VLA-3D: A Dataset for 3D Semantic Scene Understanding and Navigation

Haochen Zhang,Nader Zantout,Pujith Kachana,Zongyuan Wu,Ji Zhang,Wenshan Wang
2024-11-06
Abstract:With the recent rise of Large Language Models (LLMs), Vision-Language Models (VLMs), and other general foundation models, there is growing potential for multimodal, multi-task embodied agents that can operate in diverse environments given only natural language as input. One such application area is indoor navigation using natural language instructions. However, despite recent progress, this problem remains challenging due to the spatial reasoning and semantic understanding required, particularly in arbitrary scenes that may contain many objects belonging to fine-grained classes. To address this challenge, we curate the largest real-world dataset for Vision and Language-guided Action in 3D Scenes (VLA-3D), consisting of over 11.5K scanned 3D indoor rooms from existing datasets, 23.5M heuristically generated semantic relations between objects, and 9.7M synthetically generated referential statements. Our dataset consists of processed 3D point clouds, semantic object and room annotations, scene graphs, navigable free space annotations, and referential language statements that specifically focus on view-independent spatial relations for disambiguating objects. The goal of these features is to aid the downstream task of navigation, especially on real-world systems where some level of robustness must be guaranteed in an open world of changing scenes and imperfect language. We benchmark our dataset with current state-of-the-art models to obtain a performance baseline. All code to generate and visualize the dataset is publicly released, see <a class="link-external link-https" href="https://github.com/HaochenZ11/VLA-3D" rel="external noopener nofollow">this https URL</a>. With the release of this dataset, we hope to provide a resource for progress in semantic 3D scene understanding that is robust to changes and one which will aid the development of interactive indoor navigation systems.
Robotics
What problem does this paper attempt to address?

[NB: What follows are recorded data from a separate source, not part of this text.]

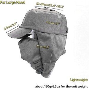 Large and lightweight winter hat with brim: 57-59cm/22.4”-23.2” for the hat circumference; 6.3cm/2.5” for the brim; 9.5cm/3.7” for the hat depth; 22cm/8.7” for the earflap length; about 180g/6.3oz for the unit weight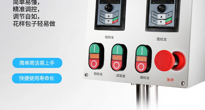 ◆ 本機(jī)采用雙絞龍送面、變頻無級(jí)調(diào)速,包子大小、出面出餡均可任意調(diào)節(jié),出面均勻、出面暢通、不傷面筋、不斷面筋,出餡系統(tǒng)優(yōu)點(diǎn):餡管不會(huì)掉餡,不會(huì)出現(xiàn)空包子,出餡速度快,壓力小,均勻,適合各種不同的餡料。解決了普通包子機(jī)菜餡走不穩(wěn)的問題。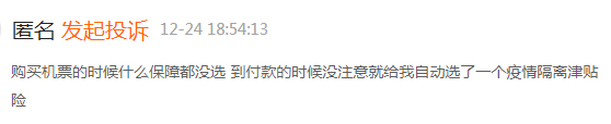 还有不少网友投诉第三方平台强行搭售隔离险。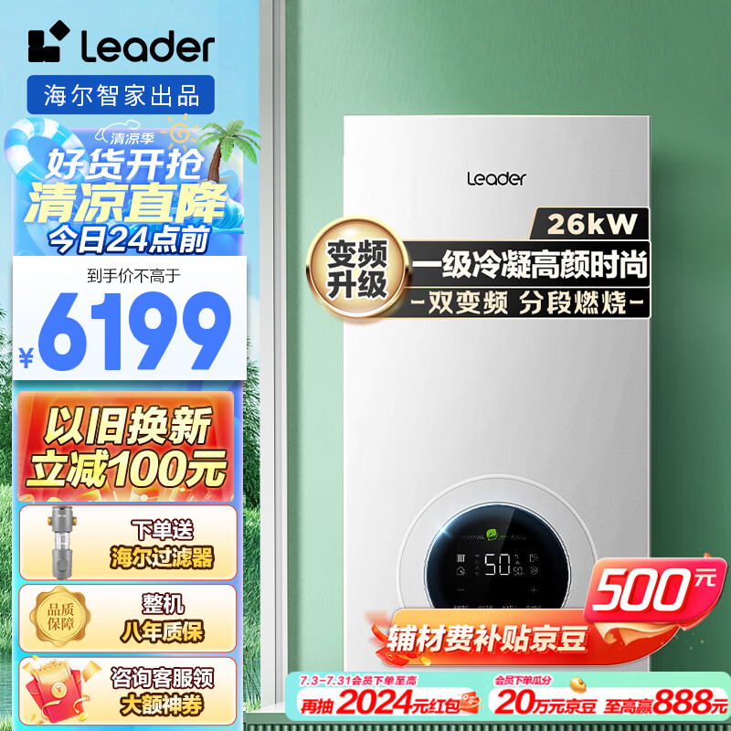 海尔(Haier)智家出品Leader双变频一级能效冷凝壁挂炉天然气采暖炉热水器地暖恒温以旧换新LL1PBD26-LN1价格:6199.00元!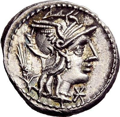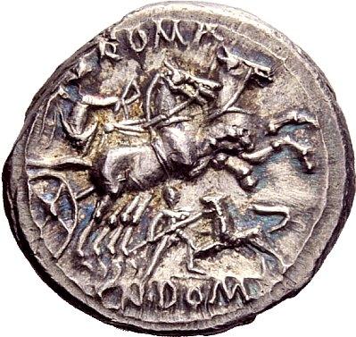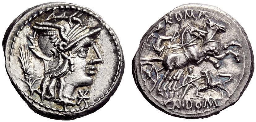 The Roman Republic. Cn. Domitius Ahenobarbus. Denarius 128, AR 3.97g. Helmeted head of Roma r.; below chin, Û. Behind, stalk of corn. Rev. Victory in biga r., holding reins in l. hand and whip in r.; above, ROMA. Below horses, man fighting lion; in exergue, CN·DOM. Babelon Domitia 14. Sydenham 514. Crawford 261/1. Lightly toned and extremely fine. Ex NAC sale 15, 1999, 73.

The problem that this paper attempts to solve is the challenges encountered during indoor navigation using natural language instructions in 3D scenes. Specifically, the paper focuses on the following key issues: 1. **Spatial Reasoning and Semantic Understanding**: It is extremely difficult to perform spatial reasoning and semantic understanding in any scene, especially in scenes containing many fine - grained objects. These scenes may contain hundreds of objects, many of which belong to fine - grained categories and there are many similar objects. 2. **Natural Language Processing**: Natural language instructions used by humans usually involve spatial relationships, functional properties, open - vocabulary language expressions, and may even be incorrect or refer to non - existent objects (for example, "the remote control on the table", while in fact the remote control is on the sofa). How to handle such complex and variable language inputs is a major challenge. 3. **Data Scale**: The scale of existing 3D vision - language datasets is far smaller than that of 2D datasets, which restricts the development of 3D vision - language learning methods. Although fundamental models have made significant progress, when applied to robotics, current methods still cannot provide the accuracy and robustness required for practical deployment. To address these problems, the paper proposes a new dataset named VLA - 3D. This dataset is generated based on multiple existing indoor environment scanning datasets and provides large - scale 3D point clouds, object - level attributes and semantic category labels, scene graphs, navigable free - space annotations, and natural language statements. These features are designed to support downstream tasks, especially navigation tasks, and in particular, in real - world systems, a certain level of robustness needs to be ensured under changing scenes and imperfect language inputs. Through this dataset, researchers hope to promote the development of semantic understanding in 3D scenes and provide resources for developing interactive indoor navigation systems that can respond to commands, ask questions, and answer questions about scenes.